After several years of uncertain college arrivals and departures, students and parents are hoping that this semester’s move-in will be a return to normal. Still, there are plenty of preparations required for a smooth transition. The list of supplies a student needs to live comfortably is long, and the room is small.
How to keep a dorm room organized
Start by doing your homework. Each school has information available about room sizes and arrangements. If this information has not been sent to you, search online for photos and dimensions, because knowing what you’re walking into will set you up for success.
Here are some ideas to maximize space and keep things organized for the whole year.
Make the bed work for you
Any information you can gather about the beds is key. A room could have loft beds, captains’ beds (beds with built-in drawers and storage compartments underneath) or beds on standard frames. Knowing how much space you’ll have to work with below and above your bed is helpful.
Any space underneath even a standard frame can be maximized with plastic bins, such as the 60-quart bins with latches from Sterilite ($24.99, target.com). These are great for storing boots and hats, bulky sweaters or extra toiletries. Using bed risers, such as the six-inch ones from Everbilt ($11.32 for four, homedepot.com), can add extra inches of storage space under the bed.
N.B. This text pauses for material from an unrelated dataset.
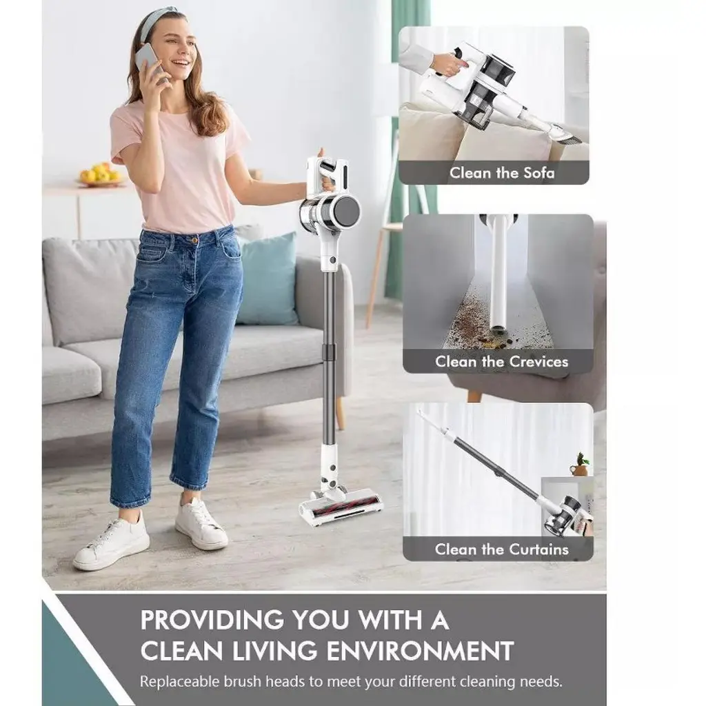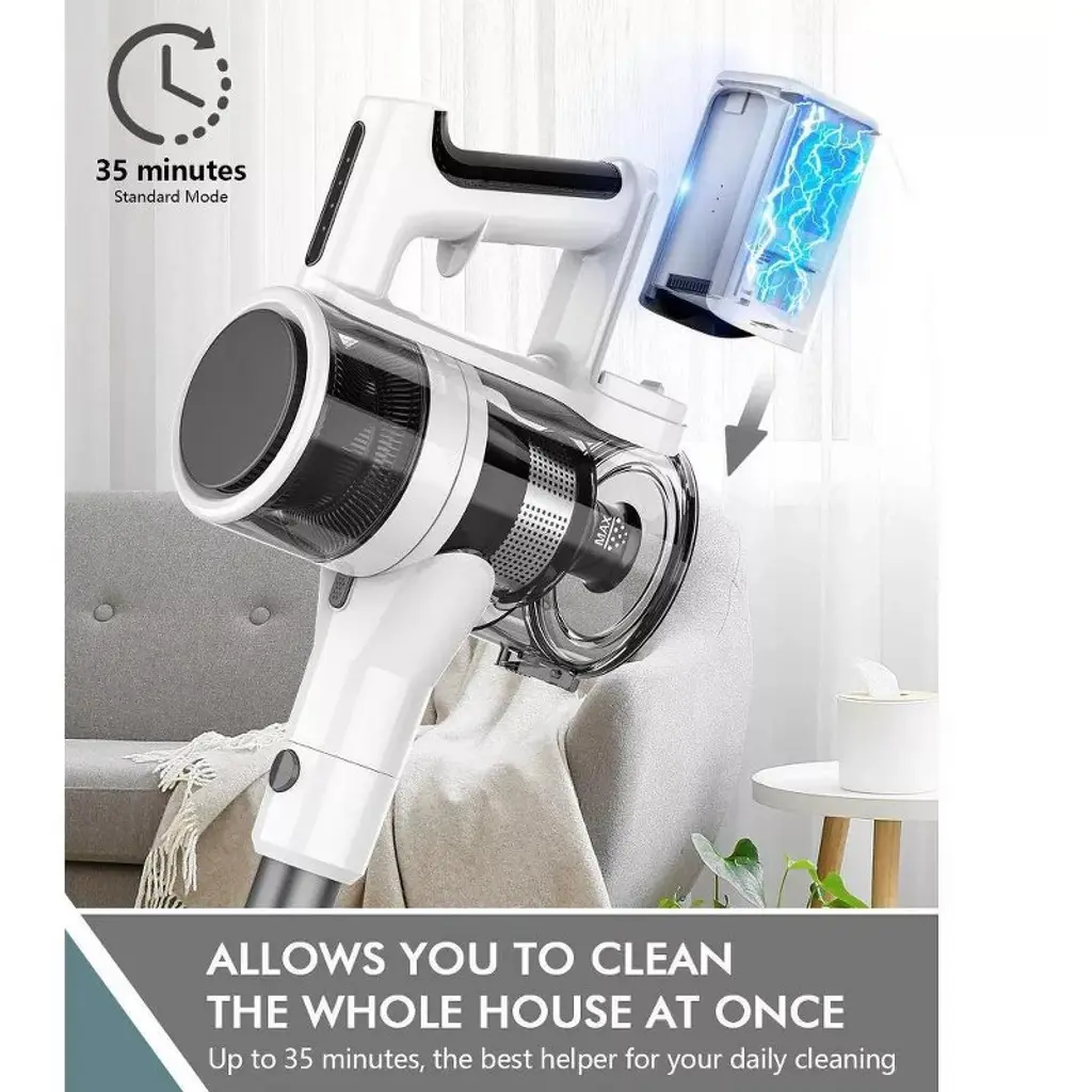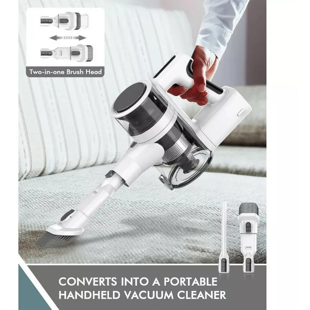 This cordless stick vacuum cleaner easily handles household cleaning needs with 250W power and 2 speed modes (23Kpa and 10Kpa). The flexible brush head is designed to swing 180° left and right and 90° up and down to reach every corner with ease. Handheld mode with 2-in-1 long flat brush makes cleaning ceilings, windows or cars easy. Low noise below 75dB, not disturbing family and pets. Works up to 35 minutes on a single charge.LED light illuminates dark corners for more thorough cleaning. Choose this stick vacuum cleaner and enjoy an efficient and convenient cleaning experience.

Once you’ve made the most of the area under the bed, look up. An over-the-door organizer, such as the 24-pocket over-the-door mesh shoe bag ($21.99, containerstore.com), can be used for shoes, umbrellas, cords, sunscreen, hats and gloves.
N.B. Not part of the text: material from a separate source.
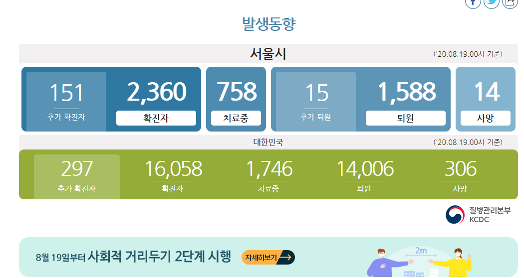 서울시 코로나 사이트로 이동하시게 되면 이렇게 발생동향을 볼 수 있는데요. 확진자 수, 치료중인 환자 수, 추가 확진자 수, 추가 퇴원자 수, 퇴원 수, 사망 수를 볼 수 있습니다. 대한민국 전체 현황도 볼 수 있고요. 8월 19일부터는 사회적 거리두기 2단계가 시행되고 있는데 이에 대한 자세한 내용을 볼 수 있습니다.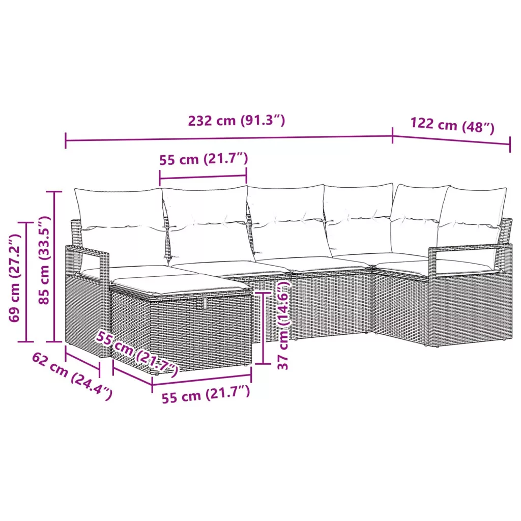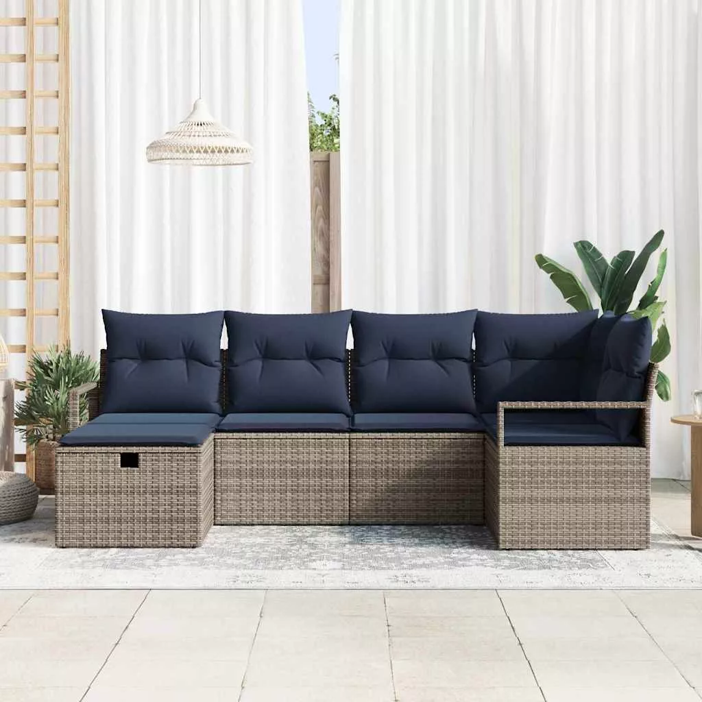 Kanapé Szett párnával Szürke és Tengerész Kék polirattan

Some dorm rooms have small mirrors installed, but if you’re looking for something a little bigger with added functionality, try Pottery Barn Teen’s metal grid functional over-the-door mirror ($199, pbteen.com), which has hooks and a rack for storage.
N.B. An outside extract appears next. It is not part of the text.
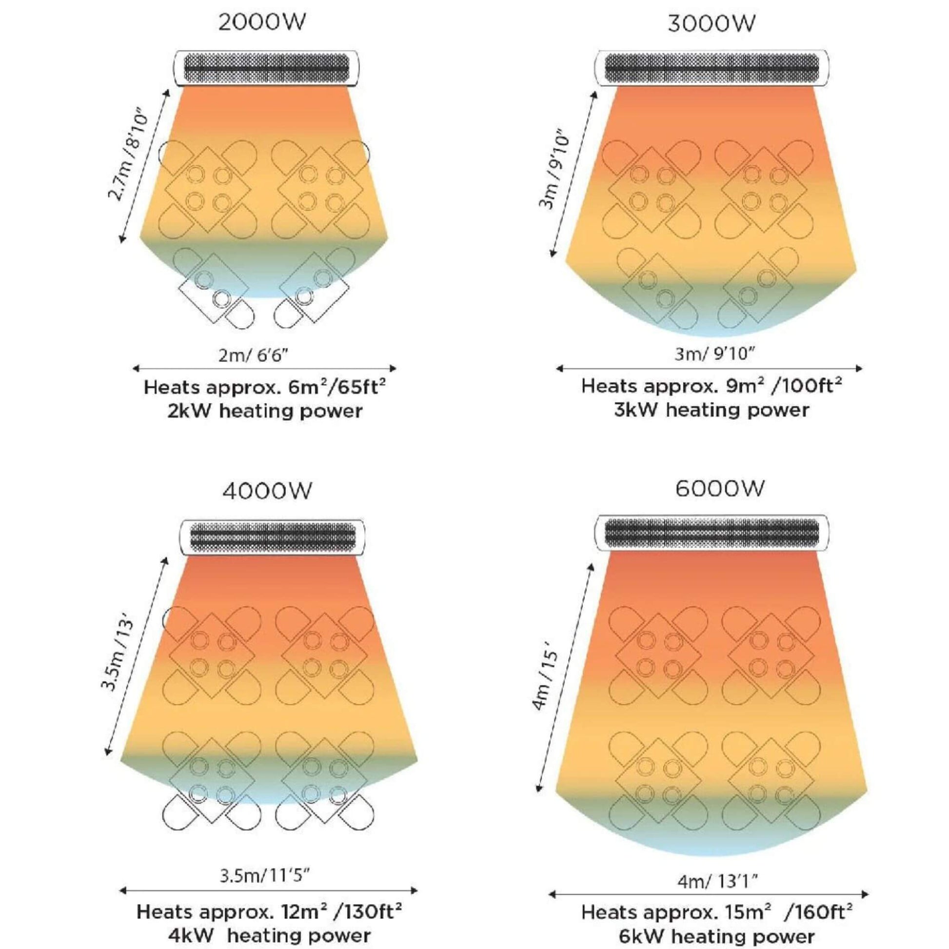 - Delivers 2000W of heating power with a single element, perfect for creating comfortable outdoor zones.

Command hooks that attach with adhesive strips and don’t damage surfaces are another way to make the most of even the tiniest of wall spaces. They are available in different sizes and can hold jackets, hats, towels, umbrellas, backpacks or sports gear. There are also Command caddies for office supplies, makeup and sunglasses. With all Command products, follow the directions, and don’t hang anything on them until the specified wait time has passed. (Available at multiple locations; prices vary.)
Another option is to add storage on top of dressers or desks. A small stackable drawer unit, such as the Sterilite three-drawer small countertop unit ($14.89, target.com), can hold medications and first-aid supplies, cosmetics, jewelry, tech accessories or office supplies.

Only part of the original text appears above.